The narration moves back and forth between Ruth, a present-day middle-aged writer living on a remote island off the coast of British Columbia, and Nao, a 15-year-old Japanese girl living in Tokyo in 2001. Ruth finds Nao’s diary and some other personal items in a carefully wrapped Hello, Kitty lunch box while walking along the shore. Ruth has been struggling to write her next book, a memoir, and is drawn into Nao’s diary, which is written for her, or to be more precise, Nao wrote the diary for the person who would find it — a fellow “time being,” she hopes. Nao’s intent is to write the story of her great grandmother and then commit suicide. Nao says of her great grandmother Jiko (who died at age 104):
She was a nun and a novelist and New Woman of the Taisho era. She was also an anarchist and a feminist who had plenty of lovers, both males and females, but she was never kinky or nasty…. (E)verything I write will be historically true and empowering to women, and not a lot of foolish geisha crap.
Nao is an excellent narrator. She is clever, funny and honest, even when she reveals things about herself that are not so flattering. Much of the diary is actually her story and how she got to meet and become influenced by Jiko, and it is a rather sad tale. Nao feels more American than Japanese because she lived in California until the recent move back to Japan. The transition to life in Japan was rough because her family had fallen on tough economic times and her father Hiruki #2 had become suicidal. (Hiruki #1, Jiko’s son and Hiruki #2’s uncle, died as a kamikaze pilot in WWII.) Nao does not fit in at her school and is bullied both psychologically and physically. She begins to skip and takes up writing a diary, the cover of which is the binding for Proust’s A la recherche du temps perdu — The Search for Lost Time.
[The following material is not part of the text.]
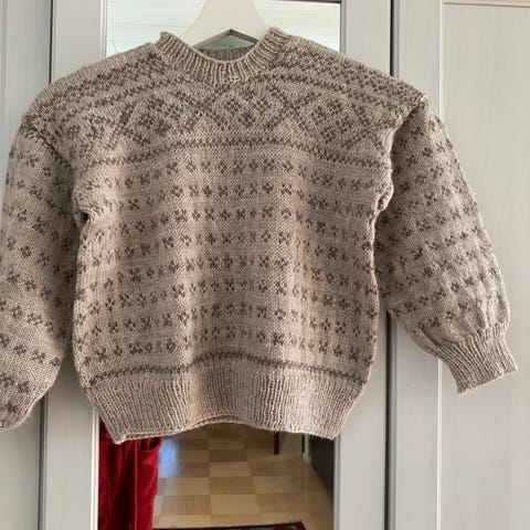 Myydään käsin neulottu lasten islantilaisneuletakki. Koko on arviolta 92/98. Niska-helma-pituus 37 cm, kainalo- kainalo 30 cm. Takki on vaaleanpunainen harmaalla ja valkoisella kirjonnalla ja edessä on vetoketju. Yleisilmeeltään siisti käytetty kunto, nyppyjä vähän on, huomaamaton kellertävä tahra oik. kyljessä ja muutama langan pää törröttää. Hajusteeton, savuton eläinkoti. Nouto Lahdesta tai postikulut ostajalle. MMM.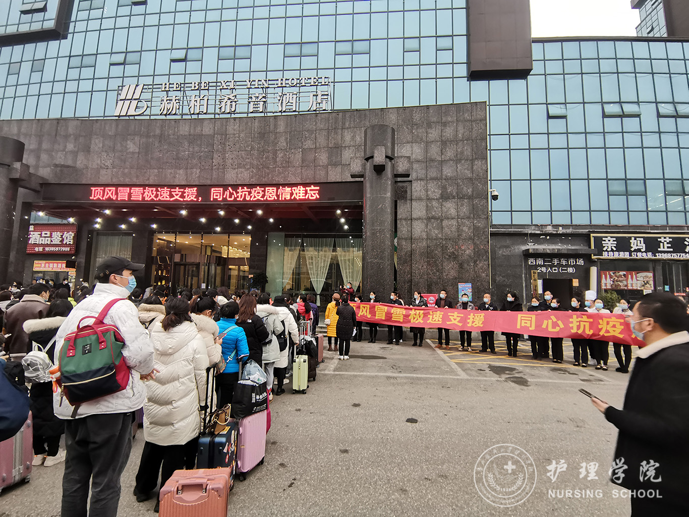 12月28日晚,按照省委、省政府统一部署和公司、贵医附院工作安排,在接到增援铜仁疫情防控工作的紧急通知后,公司党委第一时间在大四年级员工中发出号召,紧急动员员工驰援铜仁协助当地开展全员核酸检测工作。当晚,公司迅速组织51名经过专业培训的员工和1名辅导员火速集结,连夜奔袭前往铜仁。临行前,beats365经理、附属医院护理部主任李亚玲前来为出征的师生送行,并叮嘱大家在增援工作中要做好自身防护,听从调配,圆满完成本次支援工作后平安返回。

Someone has taken a copy of Proust’s work, ripped out the pages and replaced them with blanks. As Nao sits in a cafe writing, she muses, “…the problem of trying to write about the past really starts in the present: No matter how fast you write, you’re always stuck in the then and you can never catch up to what’s happening now, which means that now is pretty much doomed to extinction.” The fact that now and Nao are pronounced the same is not lost on our narrator or the reader (Ruth and us). Is Nao doomed to extinction? Will she commit suicide and if so, why?
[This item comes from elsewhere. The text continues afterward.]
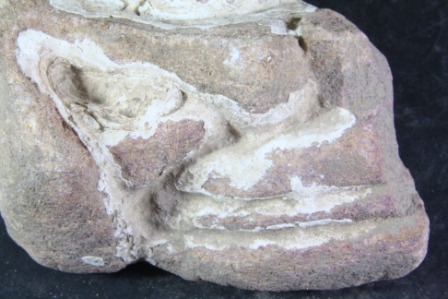 It s a Fragment of Architectural member made of stone, Colour is brownish. It is decorated. All sides are broken. Deposition of dust and dirt. Rubbing on the surface and flaking on it.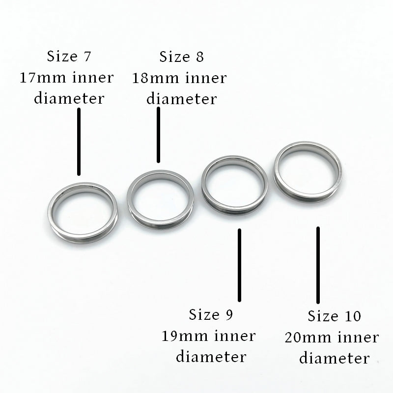 A set of four inlay ring blanks - one of each listed size - with a 2.5mm wide inlay.

The stories of Jiko, her son and her grandson (Nao’s father) are full of pain and beauty. Jiko is especially awesome as she helps Nao discover her “SUPAPAWA” (superpower). Ruth’s place in the narrative is, I believe, similar to our own. She has her own backstory — a mother who died after battling Alzheimers, a stagnant writing career, a husband who loves the remoteness and isolation of the island while Ruth misses life in the city. But Ruth gets so drawn into Nao’s story that she forgets sometimes that Nao’s story is in the past. Since Nao’s story is non-fiction to Ruth, Ruth can put herself in it and try to track down Nao and her father through a university professor in California who knew them. Ruth, like the rest of us, wants more than the story is giving her and she helps propel it to its conclusion. In the last section of the novel, Ruth the character and Ruth Ozeki the writer teach us a little about quantum physics, quantum information and Schrödinger’s cat.
Ozeki’s connection of zen with quantum physics is brilliant. She’s taught me quite a lot about those heady topics and does it in a most engaging fashion. What some might call “magical realism” in the conclusion of the novel becomes more real than magical. That might be her SUPAPAWA — blurring the lines between reader and writer, between the real and the magical.